US 11,941,052 B2
Online content evaluation system and methods
Dan Martinec, Nymburk (CZ); Yury Kasimov, Prague (CZ); and Juyong Do, Cupertino, CA (US)
Assigned to Avast Software s.r.o., Prague (CZ)
Filed by Avast Software s.r.o., Prague (CZ)
Filed on Jun. 8, 2021, as Appl. No. 17/342,463.
Prior Publication US 2022/0391445 A1, Dec. 8, 2022
Int. Cl. G06F 16/835 (2019.01); G06F 40/295 (2020.01); G06N 20/00 (2019.01); G06Q 30/0201 (2023.01)
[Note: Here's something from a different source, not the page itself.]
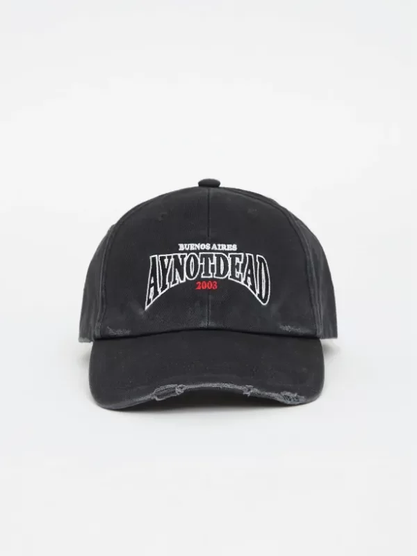 Gorra clásica de gabardina efecto gastado con roturas y hebilla metálica para regular. Lleva logo Ay not dead College bordado a contratono en el delantero y ojales de ventilación a tono en parte superior.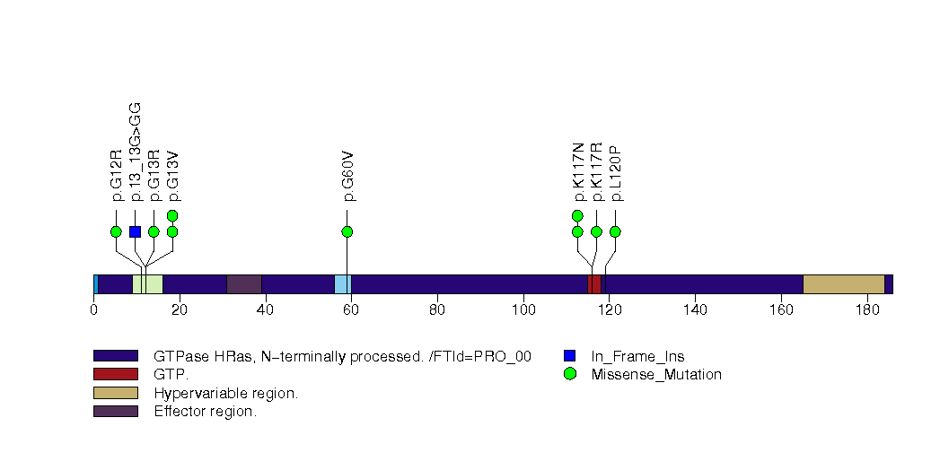 Figure S2. This figure depicts the distribution of mutations and mutation types across the HRAS significant gene.

CPC G06F 16/835 (2019.01) [G06F 40/295 (2020.01); G06N 20/00 (2019.01); G06Q 30/0201 (2013.01)] 34 Claims
OG exemplary drawing
 
1. A computer-implemented method comprising:
detecting a webpage accessed by a user on a computing device via a browser;
determining content on the webpage, the content comprising a plurality of sentences comprising first text;
applying a first model to the content to determine a plurality of keyword sets;
performing a network search based on each of the plurality of keyword sets to generate a plurality of search results, the plurality of search results indicating a plurality of network locations comprising at least one claim comprising second text;
receiving a plurality of data for a plurality of universal resource locators (“URLs”) and a plurality of labels for the plurality of data;
training a second model based on the plurality of data for the plurality of URLs and the plurality of labels for the plurality of data;
comparing the plurality of search results to the content, the comparing of the plurality of search results to the content comprising:
generating word embeddings of the plurality of sentences and word embeddings of the second text; and
comparing the word embeddings of the plurality of sentences to the word embeddings of the second text of the at least one claim;
comparing the plurality of search results to each other, the comparing of the plurality of search results to each other comprising:
comparing the second text of at least one of the plurality of search results to others of the plurality of search results to determine a plurality of agreement scores;
generating a matrix based on the plurality of agreement scores; and
determining a first score of at least one of the plurality of search results based on an aggregating of the plurality of agreement scores based on the matrix;
determining a plurality of values based on the comparing the plurality of search results to the content;
applying the second model to the plurality of values to determine a second score of the at least one of the plurality of search results;
determining a factualness of the content at least based on the comparing of the word embeddings of the plurality of sentences to the word embeddings of the second text of the at least one claim, based on the first score of the at least one of the plurality of search results, and based on the second score of the at least one of the plurality of search results; and
notifying the user via the browser of the factualness of the content.